> ASSIGNED TASK: When you reach the line below that has "I årene 1976-2015", start returning lines exactly, and stop after the line that has "Margarita presents her"; skip the pictures.

> DATASET EXCERPTS:
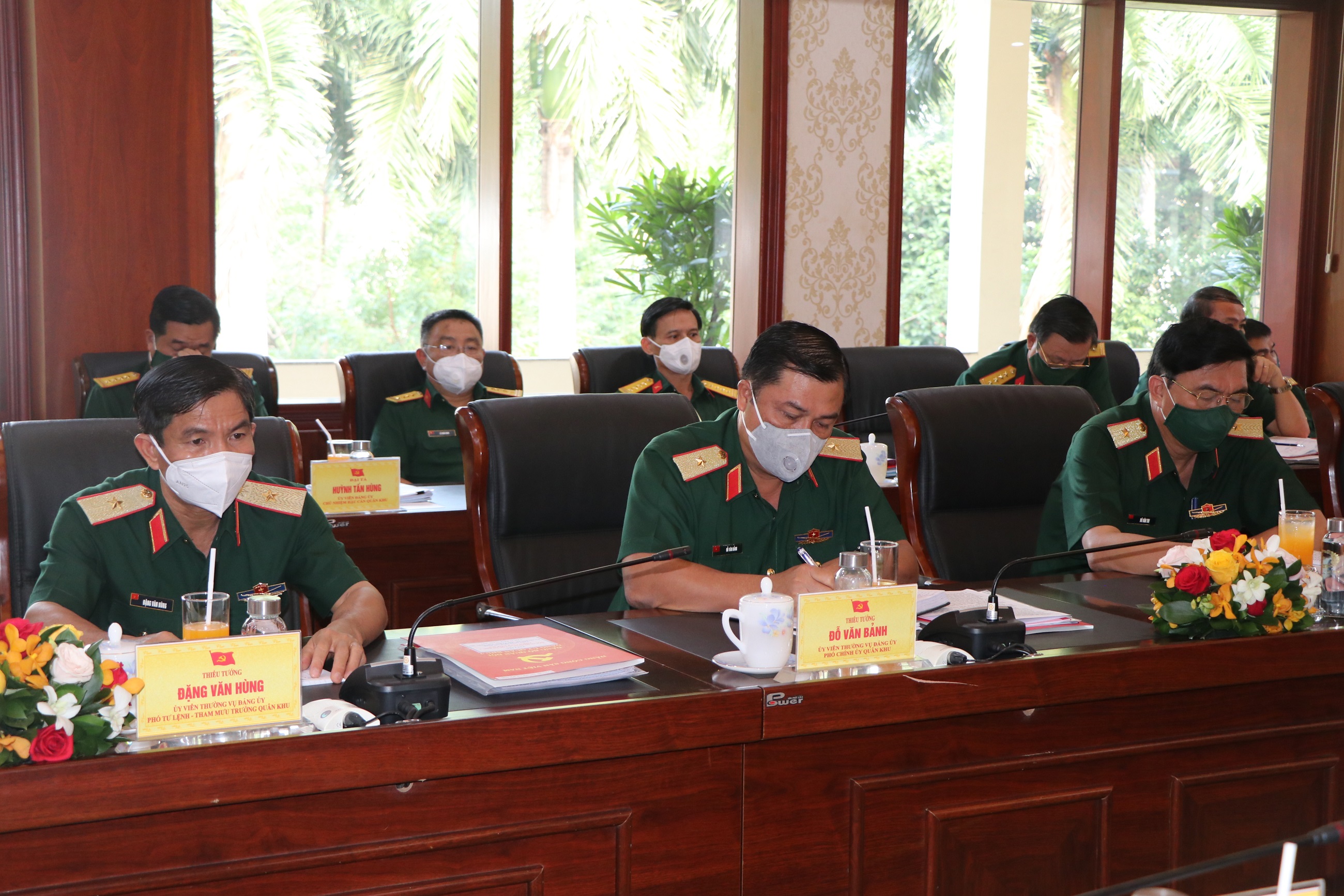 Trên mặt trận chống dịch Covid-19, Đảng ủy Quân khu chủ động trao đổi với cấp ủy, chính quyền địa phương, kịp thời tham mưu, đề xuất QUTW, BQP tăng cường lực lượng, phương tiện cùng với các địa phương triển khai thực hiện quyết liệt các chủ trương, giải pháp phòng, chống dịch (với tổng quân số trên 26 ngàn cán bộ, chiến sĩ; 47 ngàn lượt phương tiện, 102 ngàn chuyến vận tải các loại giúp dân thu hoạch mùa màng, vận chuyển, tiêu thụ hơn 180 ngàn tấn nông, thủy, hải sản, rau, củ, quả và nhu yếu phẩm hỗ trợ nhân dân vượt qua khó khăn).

* * *

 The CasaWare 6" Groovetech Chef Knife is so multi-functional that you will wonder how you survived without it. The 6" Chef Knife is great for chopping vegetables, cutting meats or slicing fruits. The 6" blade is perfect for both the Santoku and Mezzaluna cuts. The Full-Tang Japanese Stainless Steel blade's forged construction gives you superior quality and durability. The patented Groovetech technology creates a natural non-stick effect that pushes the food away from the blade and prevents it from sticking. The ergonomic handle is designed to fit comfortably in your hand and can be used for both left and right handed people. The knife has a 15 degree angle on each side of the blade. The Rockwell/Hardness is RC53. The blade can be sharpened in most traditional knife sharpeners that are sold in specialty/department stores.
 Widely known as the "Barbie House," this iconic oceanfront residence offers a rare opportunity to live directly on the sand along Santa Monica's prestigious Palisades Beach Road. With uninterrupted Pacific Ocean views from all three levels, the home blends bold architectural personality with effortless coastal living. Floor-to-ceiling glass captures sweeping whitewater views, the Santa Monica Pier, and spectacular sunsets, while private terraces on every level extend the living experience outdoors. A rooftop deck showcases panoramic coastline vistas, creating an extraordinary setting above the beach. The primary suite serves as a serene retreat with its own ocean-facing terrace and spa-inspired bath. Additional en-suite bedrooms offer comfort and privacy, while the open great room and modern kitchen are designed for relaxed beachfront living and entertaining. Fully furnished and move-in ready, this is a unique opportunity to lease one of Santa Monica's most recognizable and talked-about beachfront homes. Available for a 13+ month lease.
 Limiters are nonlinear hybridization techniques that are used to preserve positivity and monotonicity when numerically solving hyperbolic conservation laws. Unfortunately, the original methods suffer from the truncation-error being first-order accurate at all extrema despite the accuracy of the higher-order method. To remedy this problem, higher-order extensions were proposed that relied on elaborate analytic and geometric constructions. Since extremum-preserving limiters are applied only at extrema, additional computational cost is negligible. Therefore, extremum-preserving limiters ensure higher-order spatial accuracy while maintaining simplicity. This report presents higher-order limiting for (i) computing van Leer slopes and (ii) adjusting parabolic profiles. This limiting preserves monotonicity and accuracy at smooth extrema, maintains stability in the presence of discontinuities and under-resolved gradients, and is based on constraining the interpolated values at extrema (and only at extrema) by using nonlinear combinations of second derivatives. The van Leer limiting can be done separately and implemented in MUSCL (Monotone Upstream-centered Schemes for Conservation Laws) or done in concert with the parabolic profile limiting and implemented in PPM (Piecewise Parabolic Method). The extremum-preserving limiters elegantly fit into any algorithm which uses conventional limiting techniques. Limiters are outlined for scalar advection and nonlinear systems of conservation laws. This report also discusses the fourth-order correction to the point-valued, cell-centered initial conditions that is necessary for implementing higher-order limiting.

* * *

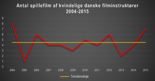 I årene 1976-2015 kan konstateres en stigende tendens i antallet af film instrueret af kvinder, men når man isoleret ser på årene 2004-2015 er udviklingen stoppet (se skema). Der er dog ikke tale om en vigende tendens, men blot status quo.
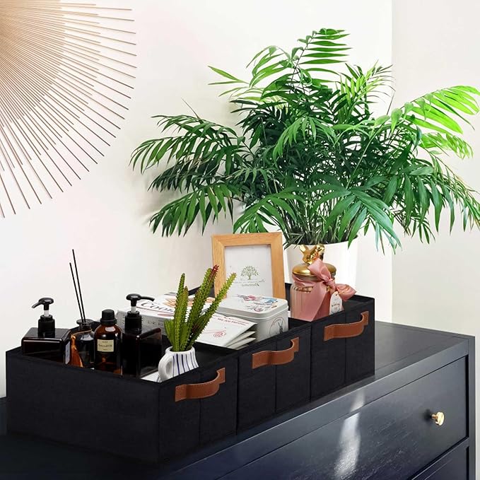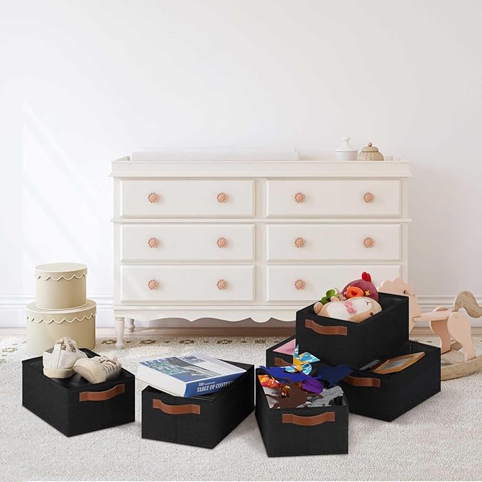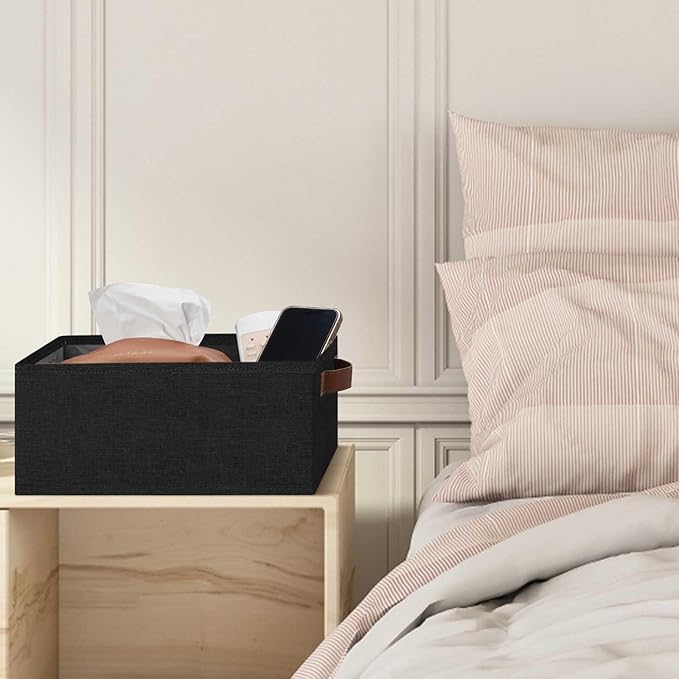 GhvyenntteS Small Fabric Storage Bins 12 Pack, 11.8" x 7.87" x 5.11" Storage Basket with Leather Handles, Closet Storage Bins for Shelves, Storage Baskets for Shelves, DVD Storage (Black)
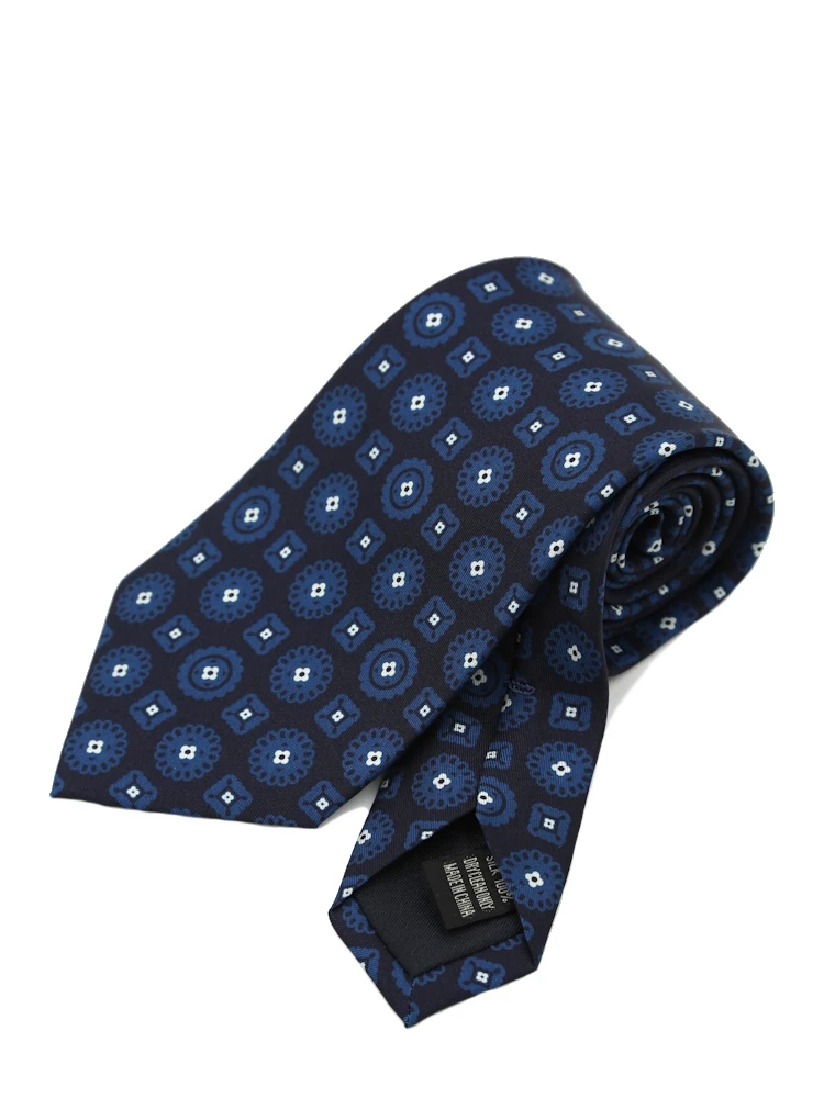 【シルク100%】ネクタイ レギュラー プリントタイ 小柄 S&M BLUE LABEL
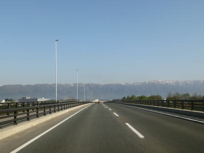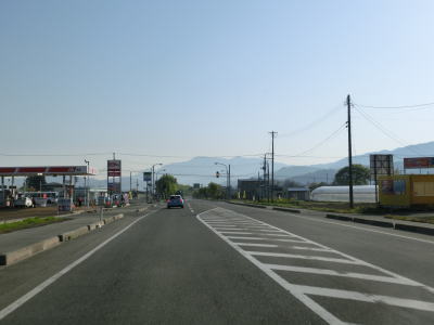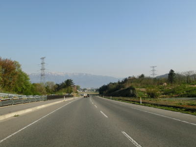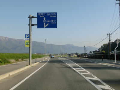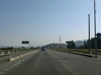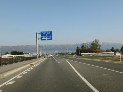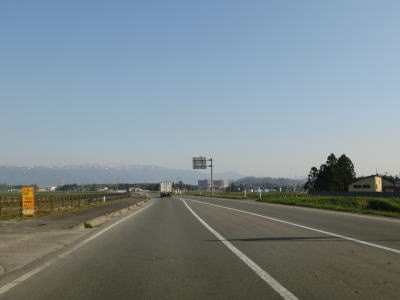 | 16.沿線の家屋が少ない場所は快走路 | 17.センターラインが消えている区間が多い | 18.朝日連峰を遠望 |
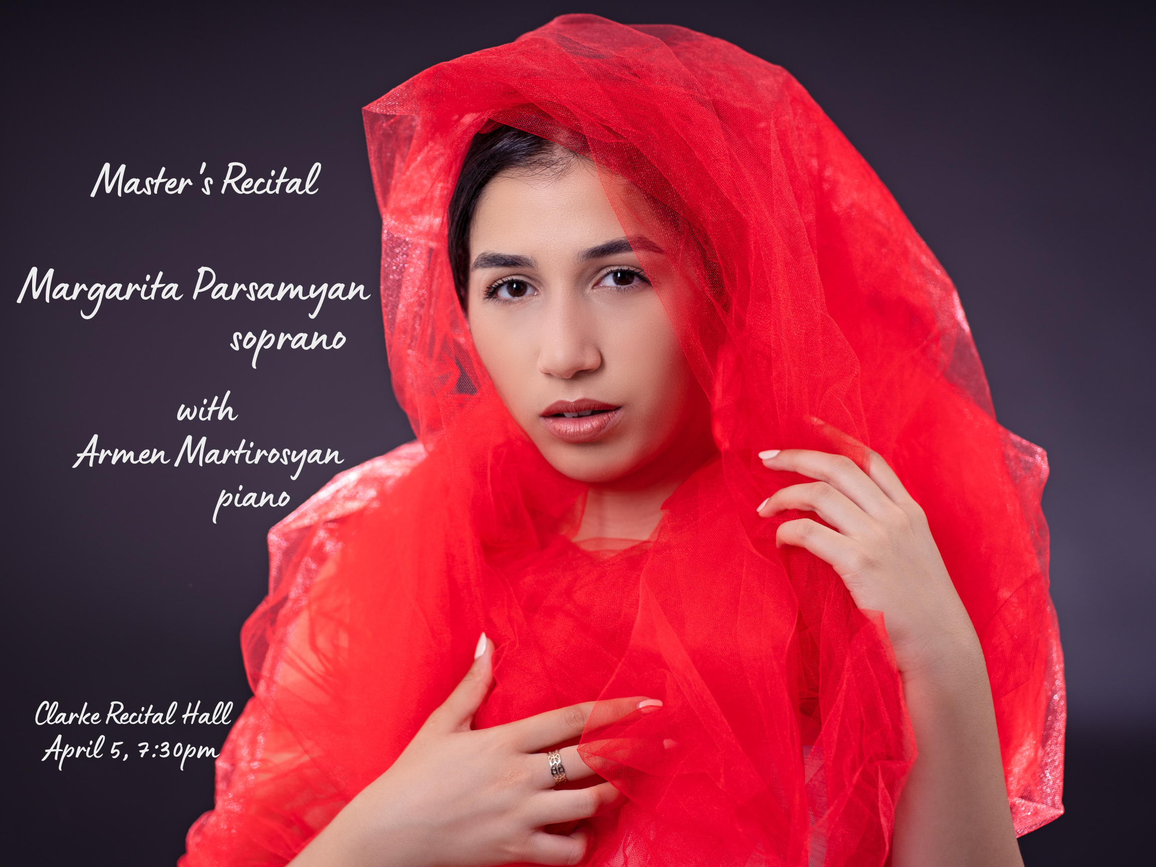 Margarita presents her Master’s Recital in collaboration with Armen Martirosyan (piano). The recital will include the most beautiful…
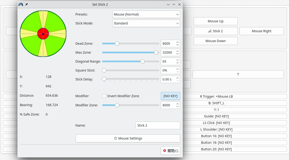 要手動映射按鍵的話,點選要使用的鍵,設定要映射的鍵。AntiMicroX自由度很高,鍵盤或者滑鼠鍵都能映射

> RESULT:
 I årene 1976-2015 kan konstateres en stigende tendens i antallet af film instrueret af kvinder, men når man isoleret ser på årene 2004-2015 er udviklingen stoppet (se skema). Der er dog ikke tale om en vigende tendens, men blot status quo.
 GhvyenntteS Small Fabric Storage Bins 12 Pack, 11.8" x 7.87" x 5.11" Storage Basket with Leather Handles, Closet Storage Bins for Shelves, Storage Baskets for Shelves, DVD Storage (Black)
 【シルク100%】ネクタイ レギュラー プリントタイ 小柄 S&M BLUE LABEL
 | 16.沿線の家屋が少ない場所は快走路 | 17.センターラインが消えている区間が多い | 18.朝日連峰を遠望 |
 Margarita presents her Master’s Recital in collaboration with Armen Martirosyan (piano). The recital will include the most beautiful…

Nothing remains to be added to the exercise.